■ Records excerpted from a collection ■

::::::

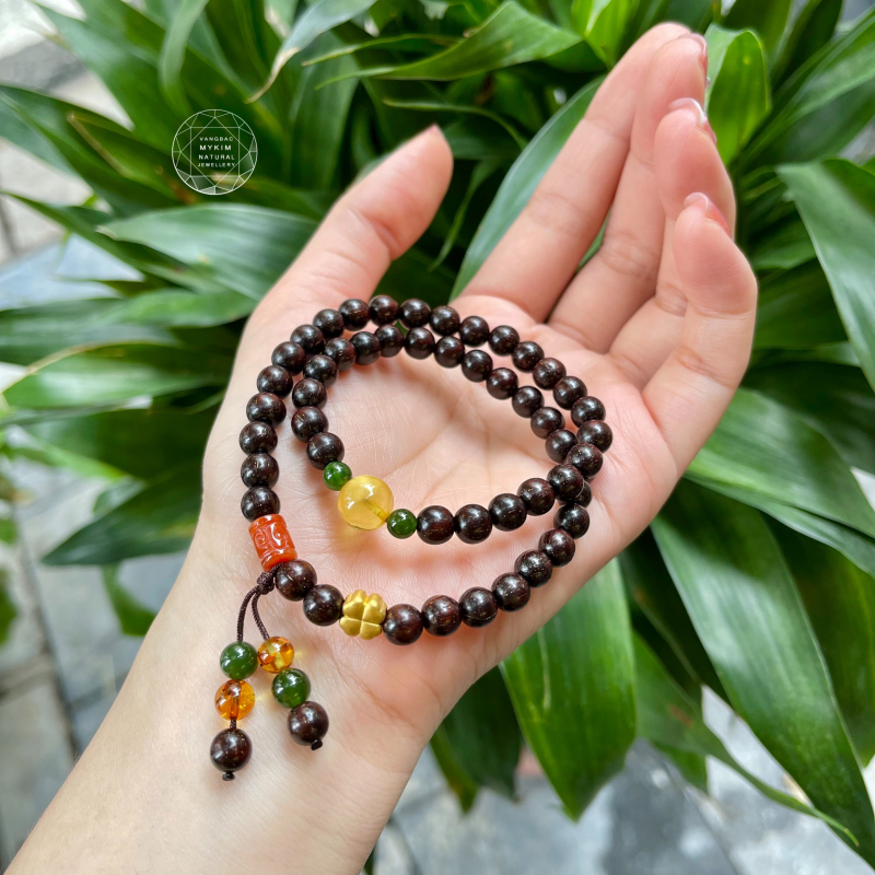 Một chiếc vòng tay tử đàn truyền thống thường gồm 108 hạt – con số thiêng liêng trong Phật giáo, biểu tượng cho 108 phiền não cần buông bỏ để tâm hồn nhẹ nhàng, trong sáng hơn. Mỗi hạt gỗ không chỉ là một điểm chấm nhỏ trên hành trình sống mà còn là lời nhắc nhở để chúng ta hướng về sự tĩnh lặng và trí tuệ. 🕉️🙏
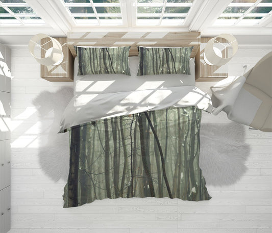 Misty Forest Plant Green 3D Duvet Cover Set W Pillow Cover, Single Double Queen King Size, Printed Cotton Quilt Doona Cover 3 Pcs
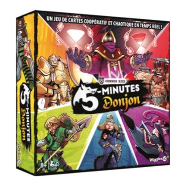 Un jeu de cartes coopératif et chaotique en temps réel ! Choisissez un héros, nettoyez le donjon, terrassez le boss. Le tout en 5 minutes ! Unissez vos forces pour venir à bout des pièges mortels et des monstres dangereux qui peuplent les Donjons ! Chaque joueur incarne un héros parmi les dix proposés, qui possèdent leurs propres cartes et capacités spéciales. Il n'y a pas de tour de jeu dans 5 Minutes : Donjon. C'est une course contre la montre où tout le monde tente de jouer des symboles qui correspondent à la carte actuelle du Donjon. Vous êtes tous dans le même bateau et votre équipe n'a que deux options : triompher du Boss et passer au niveau suivant? ou périr en essayant ! Commencez par le Bébé Barbare, puis continuez jusqu'au Maître du Donjon, le boss ultime !
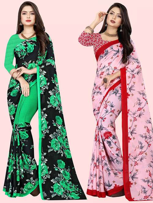 women pack of 2 casual wear sarees with blouse
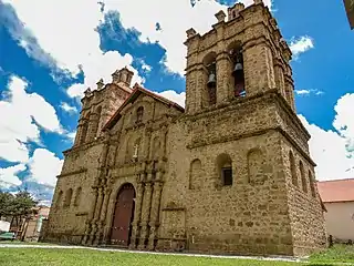La iglesia, fue construida durante la colonia, está construida en piedra y adobe, la nave única está reforzada con contrafuertes.[2] uno de los elementos destacados del templo es la portada que exhibe seis columnas salomónicas labradas en piedra.[3]
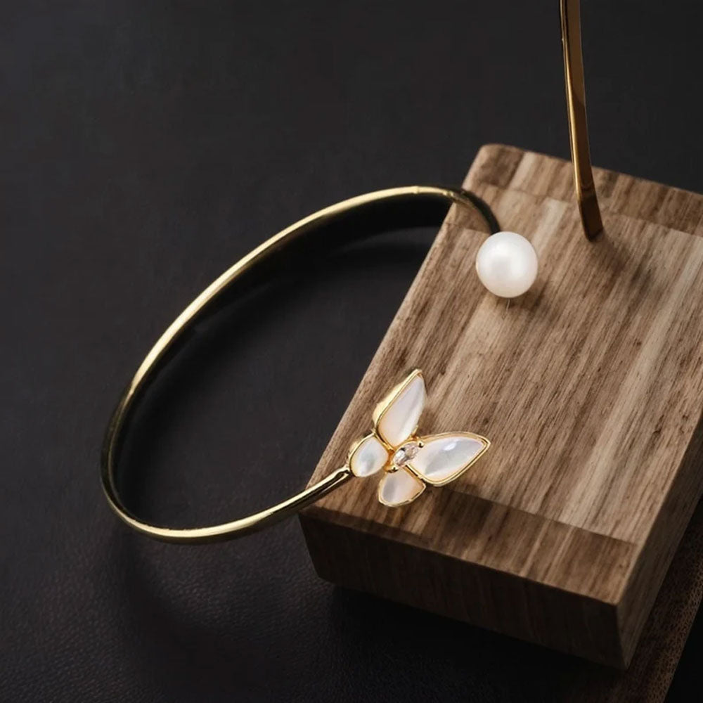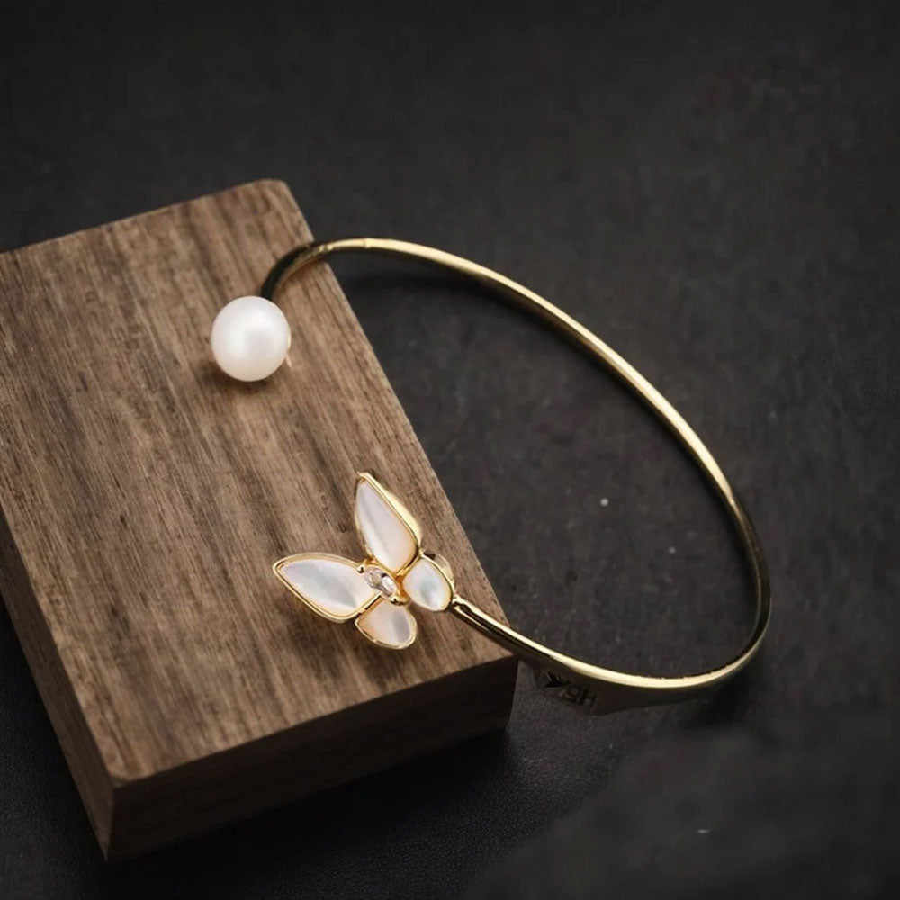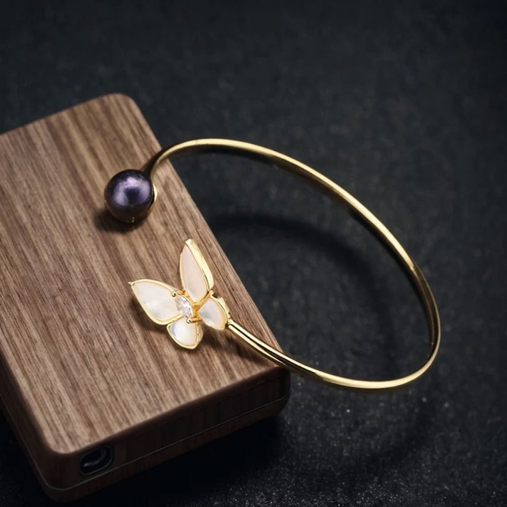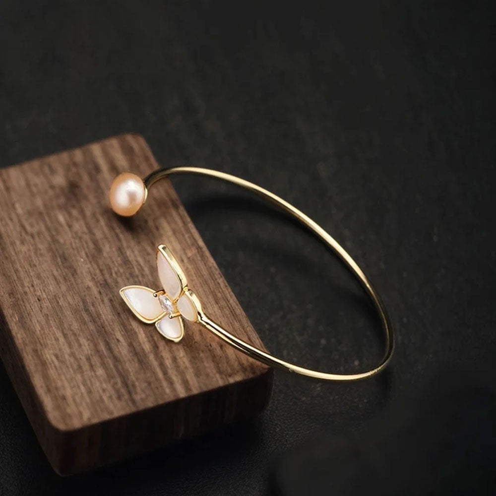 Adjustable Handmade Wire Wrapped Brass Bangle Size 5To12MM Round Shape Pearl Gemstone Bezel Set Bangle For Happy Birthday Gift For Women
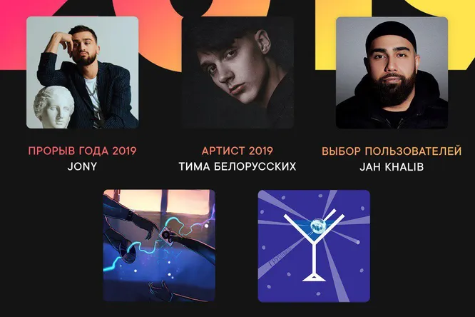 «Артистом 2019» стал Тима Белорусских — в VK и BOOM его песни послушали больше миллиарда раз в этом году. За ним же — победа в номинации «Альбом 2019»: релиз «Твой первый диск — моя кассета» слушали чаще всего. «Песней 2019» признали «Грустный дэнс» от Artik & Asti feat. Артём Качер.
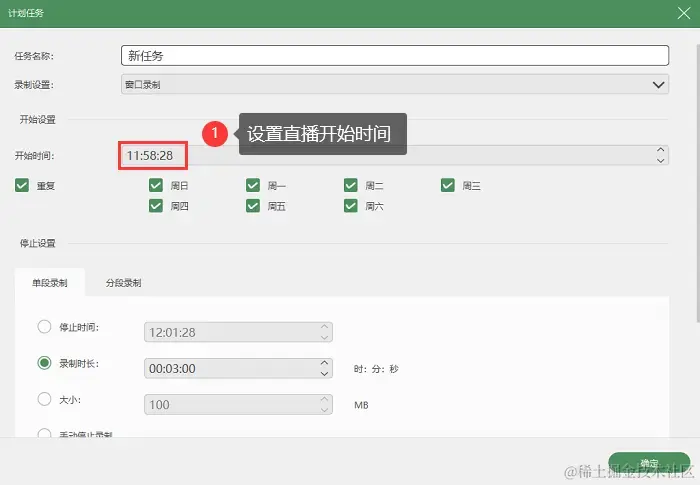 步骤3:如果您想录制的直播还未开始,可以提前添加一个录制任务,设置好直播开始的时间,软件就会自动开始录屏。
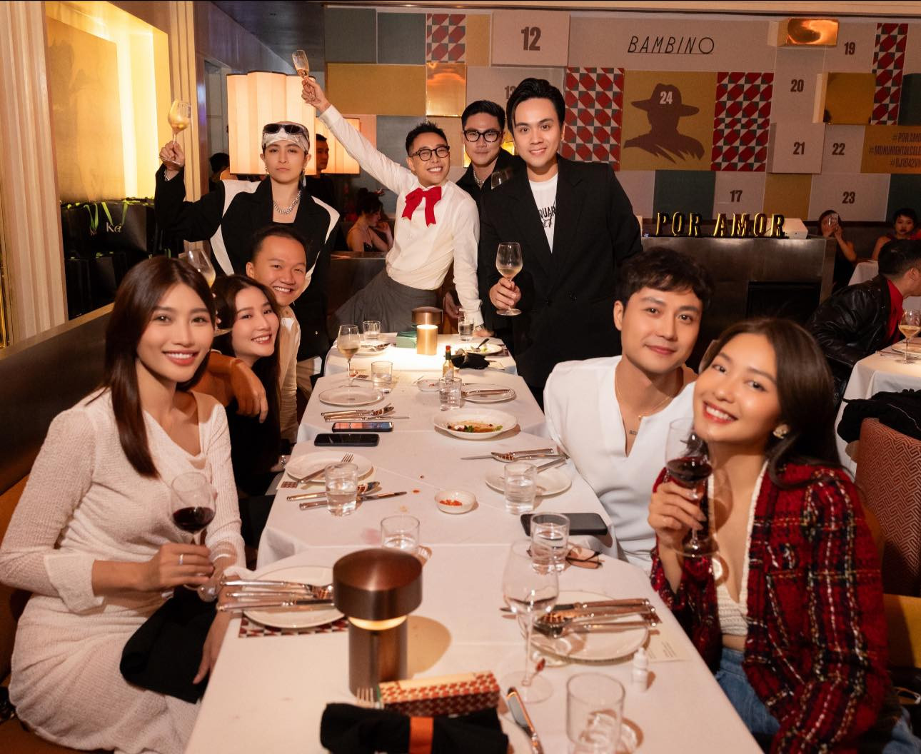 Mới đây, stylist Hoàng Ku có tổ chức tiệc cuối năm cùng nhiều nghệ sĩ. Và một lần nữa, Khả Ngân cùng Thanh Sơn lại khiến cư dân mạng chú ý khi ngồi sát bên nhau như thế này.
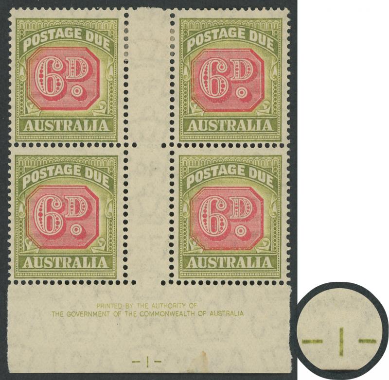 1946-56 Redrawn Value Plates 6d carmine and yellow-green SG D125 Authority Imprint block of 4 with complete Plate Number '-1-' at
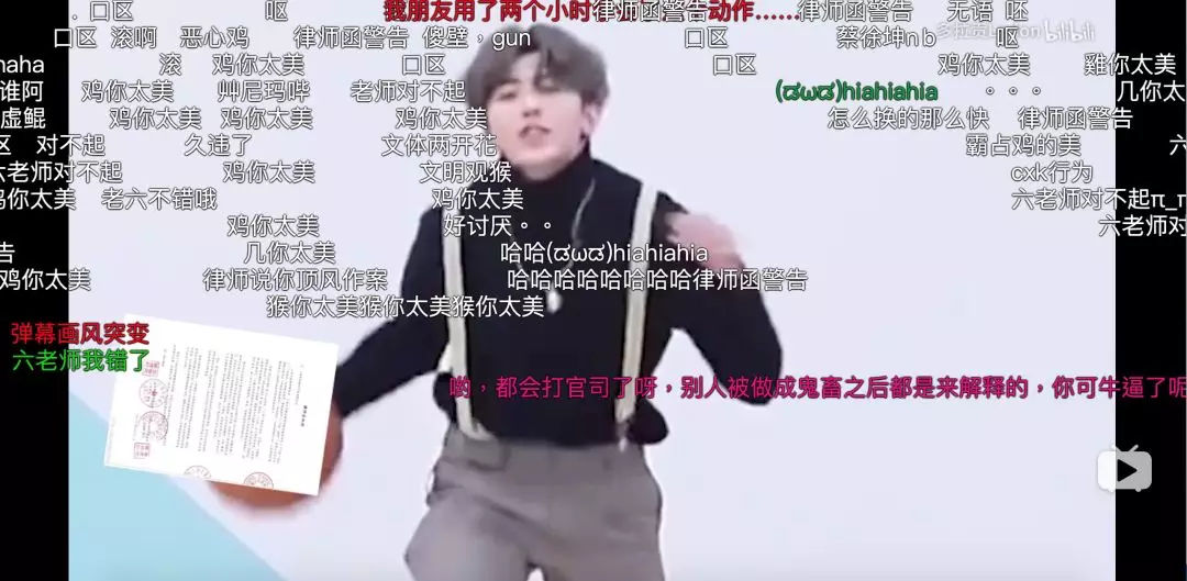 4月12日,蔡徐坤的律师函出现后,网络上反而出现了更多逆反的声音。B站上甚至出现了“你发律师函好像蔡徐坤”的新鬼畜——在这样的鬼畜中,蔡徐坤手上的篮球被换成了律师函。
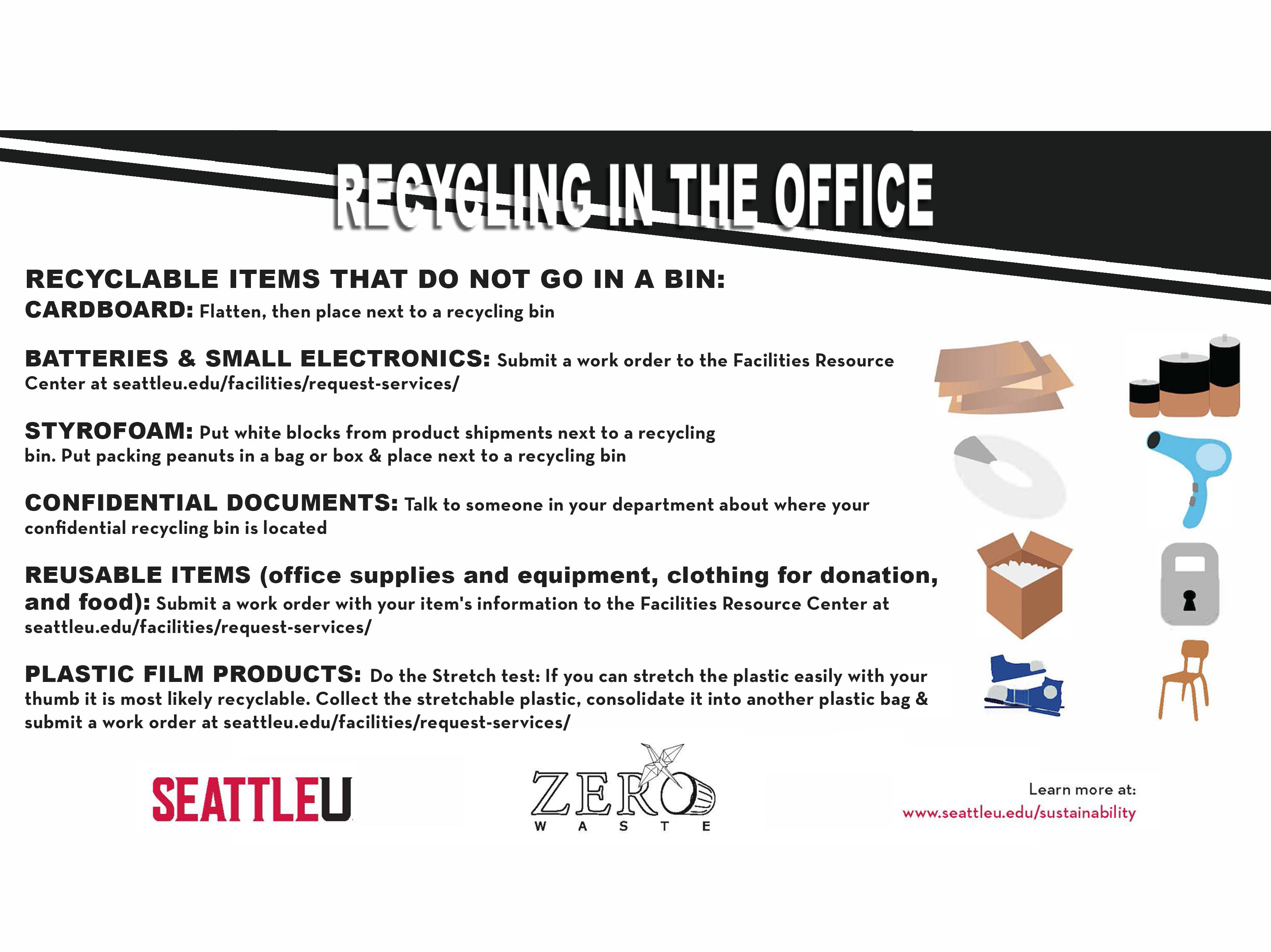 This event is part of SU’s participation in the annual Race to Zero Waste competition. For more info, go to www.seattleu.edu/race-to-zero-waste/
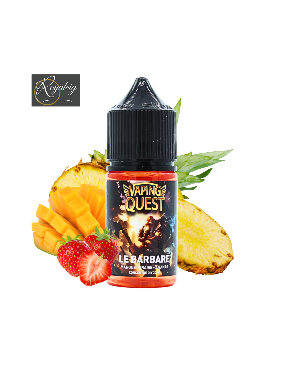 Le Barbare de Vaping Quest, un atrevido concentrado DIY de 30ML que combina la potencia del mango, el exotismo de la piña y la dulzura de la fresa. ¡Una mezcla explosiva para vapear intensamente afrutado!
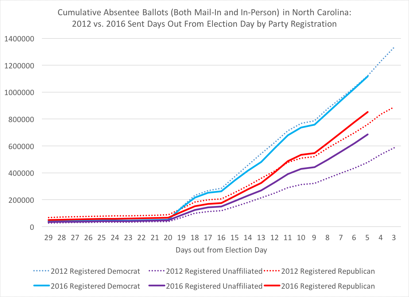 Based on ONSP site, for total early voting, I’m estimating Rep pick up ~150k vs 2012 (~180k in person - 33k mail in). Dems up ~5k (+5-10k in person - 3k mail in). Unaffiliated up 260k. Ignoring unaffiliated, that’s another net 2.5% pick up for Trump on a state Romney won by 2%. Unaffiliated are heavy white (79%) so I’m optimistic Trump may have picked up 3% or so vs 2012 in early voting compared to Romney. I think Trump wins NC by 4-6%.

::::::

■ How to complete this task ■
Your copy should hold each line above exactly and no pictures at all.

■ Answer box ■
 Một chiếc vòng tay tử đàn truyền thống thường gồm 108 hạt – con số thiêng liêng trong Phật giáo, biểu tượng cho 108 phiền não cần buông bỏ để tâm hồn nhẹ nhàng, trong sáng hơn. Mỗi hạt gỗ không chỉ là một điểm chấm nhỏ trên hành trình sống mà còn là lời nhắc nhở để chúng ta hướng về sự tĩnh lặng và trí tuệ. 🕉️🙏
 Misty Forest Plant Green 3D Duvet Cover Set W Pillow Cover, Single Double Queen King Size, Printed Cotton Quilt Doona Cover 3 Pcs
 Un jeu de cartes coopératif et chaotique en temps réel ! Choisissez un héros, nettoyez le donjon, terrassez le boss. Le tout en 5 minutes ! Unissez vos forces pour venir à bout des pièges mortels et des monstres dangereux qui peuplent les Donjons ! Chaque joueur incarne un héros parmi les dix proposés, qui possèdent leurs propres cartes et capacités spéciales. Il n'y a pas de tour de jeu dans 5 Minutes : Donjon. C'est une course contre la montre où tout le monde tente de jouer des symboles qui correspondent à la carte actuelle du Donjon. Vous êtes tous dans le même bateau et votre équipe n'a que deux options : triompher du Boss et passer au niveau suivant? ou périr en essayant ! Commencez par le Bébé Barbare, puis continuez jusqu'au Maître du Donjon, le boss ultime !
 women pack of 2 casual wear sarees with blouse
La iglesia, fue construida durante la colonia, está construida en piedra y adobe, la nave única está reforzada con contrafuertes.[2] uno de los elementos destacados del templo es la portada que exhibe seis columnas salomónicas labradas en piedra.[3]
 Adjustable Handmade Wire Wrapped Brass Bangle Size 5To12MM Round Shape Pearl Gemstone Bezel Set Bangle For Happy Birthday Gift For Women
 «Артистом 2019» стал Тима Белорусских — в VK и BOOM его песни послушали больше миллиарда раз в этом году. За ним же — победа в номинации «Альбом 2019»: релиз «Твой первый диск — моя кассета» слушали чаще всего. «Песней 2019» признали «Грустный дэнс» от Artik & Asti feat. Артём Качер.
 步骤3:如果您想录制的直播还未开始,可以提前添加一个录制任务,设置好直播开始的时间,软件就会自动开始录屏。
 Mới đây, stylist Hoàng Ku có tổ chức tiệc cuối năm cùng nhiều nghệ sĩ. Và một lần nữa, Khả Ngân cùng Thanh Sơn lại khiến cư dân mạng chú ý khi ngồi sát bên nhau như thế này.
 1946-56 Redrawn Value Plates 6d carmine and yellow-green SG D125 Authority Imprint block of 4 with complete Plate Number '-1-' at
 4月12日,蔡徐坤的律师函出现后,网络上反而出现了更多逆反的声音。B站上甚至出现了“你发律师函好像蔡徐坤”的新鬼畜——在这样的鬼畜中,蔡徐坤手上的篮球被换成了律师函。
 This event is part of SU’s participation in the annual Race to Zero Waste competition. For more info, go to www.seattleu.edu/race-to-zero-waste/
 Le Barbare de Vaping Quest, un atrevido concentrado DIY de 30ML que combina la potencia del mango, el exotismo de la piña y la dulzura de la fresa. ¡Una mezcla explosiva para vapear intensamente afrutado!
 Based on ONSP site, for total early voting, I’m estimating Rep pick up ~150k vs 2012 (~180k in person - 33k mail in). Dems up ~5k (+5-10k in person - 3k mail in). Unaffiliated up 260k. Ignoring unaffiliated, that’s another net 2.5% pick up for Trump on a state Romney won by 2%. Unaffiliated are heavy white (79%) so I’m optimistic Trump may have picked up 3% or so vs 2012 in early voting compared to Romney. I think Trump wins NC by 4-6%.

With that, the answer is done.